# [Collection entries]
_ _ _ _ _ _ _

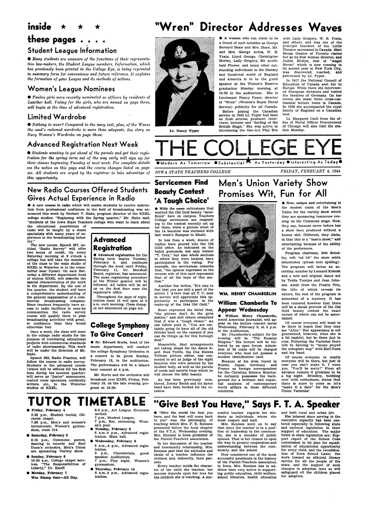 | "Wren" director addresses WAVES | Lieutenant Nancy Pyper will speak; photo. |
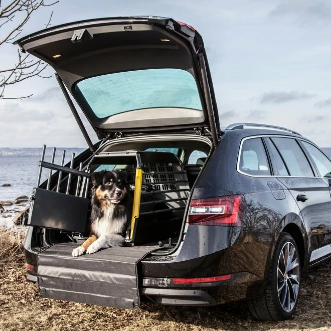 - Et krasjtestet hundebur for bilen for sikker og lovlig transport av hunder.
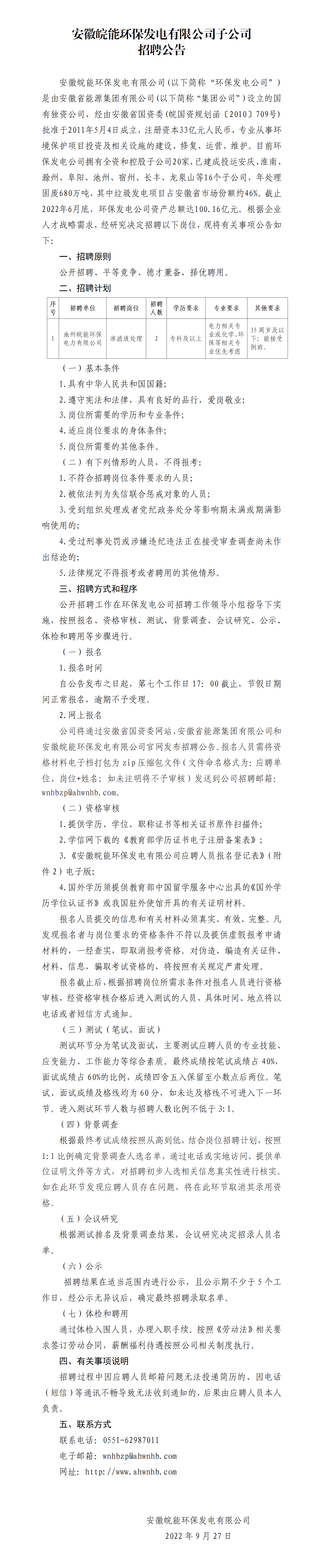 安徽皖能环保发电有限公司子公司招聘公告(池州公司)
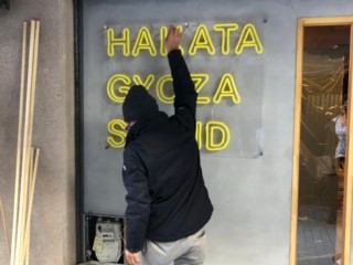 博多区中洲のハイスタ餃子様のサイン施工を行いました。
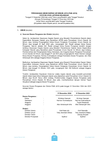 Susunan Dewan Pengawas dan Direksi PAM JAYA pada tanggal 31 Desember 2024 dan 2023
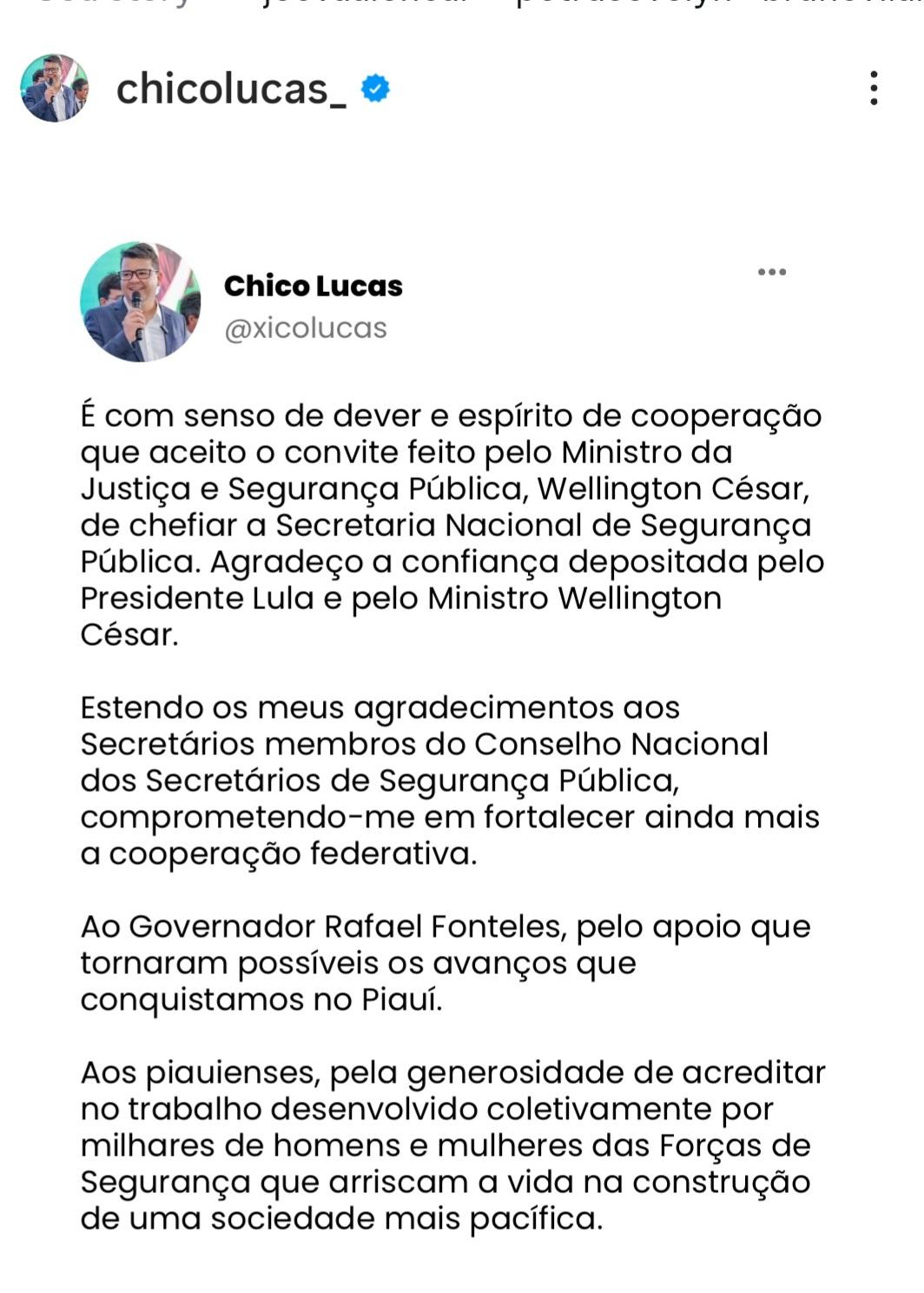Nesta quarta-feira (21) o ministro da Justiça, Wellington Lima e Silva, anunciou o nome do secretário estadual de Segurança Pública, Chico Lucas, para a Secretaria Nacional de Segurança Pública. O nome de Chico Lucas chegou a ser cotado para o cargo de ministro. O Conselho dos Secretários de Segurança do Brasil apresentaram uma carta defendendo Chico Lucas para o Ministério da Justiça. Na terça-feira, o ministro Wellington Lima e Silva se reuniu com Chico Lucas tratando sobre a nova missão do secretário estadual de Segurança Pública. Chico Lucas aguarda a publicação da nomeação no Diário Oficial.
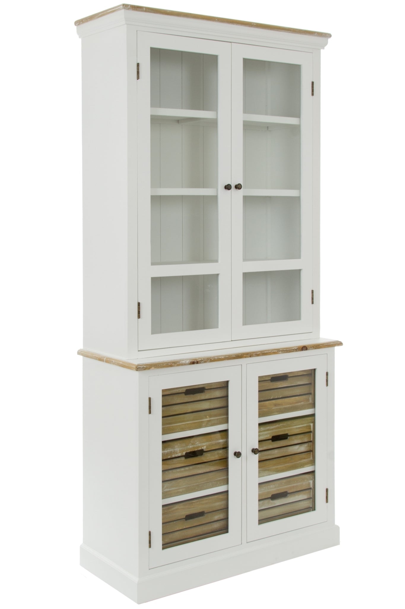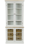 • VIELSEITIGE NUTZUNG: Die zweiteilige Vitrine ist oben und unten mit Glastüren ausgestattet und bietet feste Ablagen sowie stabile Holzkörbe mit Eingriffen für flexible Aufbewahrungsmöglichkeiten.

_ _ _ _ _ _ _

# [Work required]
Write out, exactly and with no pictures, the lines of the data from the first through the line containing "Susunan Dewan Pengawas".

# [Task answer]
 | "Wren" director addresses WAVES | Lieutenant Nancy Pyper will speak; photo. |
 - Et krasjtestet hundebur for bilen for sikker og lovlig transport av hunder.
 安徽皖能环保发电有限公司子公司招聘公告(池州公司)
 博多区中洲のハイスタ餃子様のサイン施工を行いました。
 Susunan Dewan Pengawas dan Direksi PAM JAYA pada tanggal 31 Desember 2024 dan 2023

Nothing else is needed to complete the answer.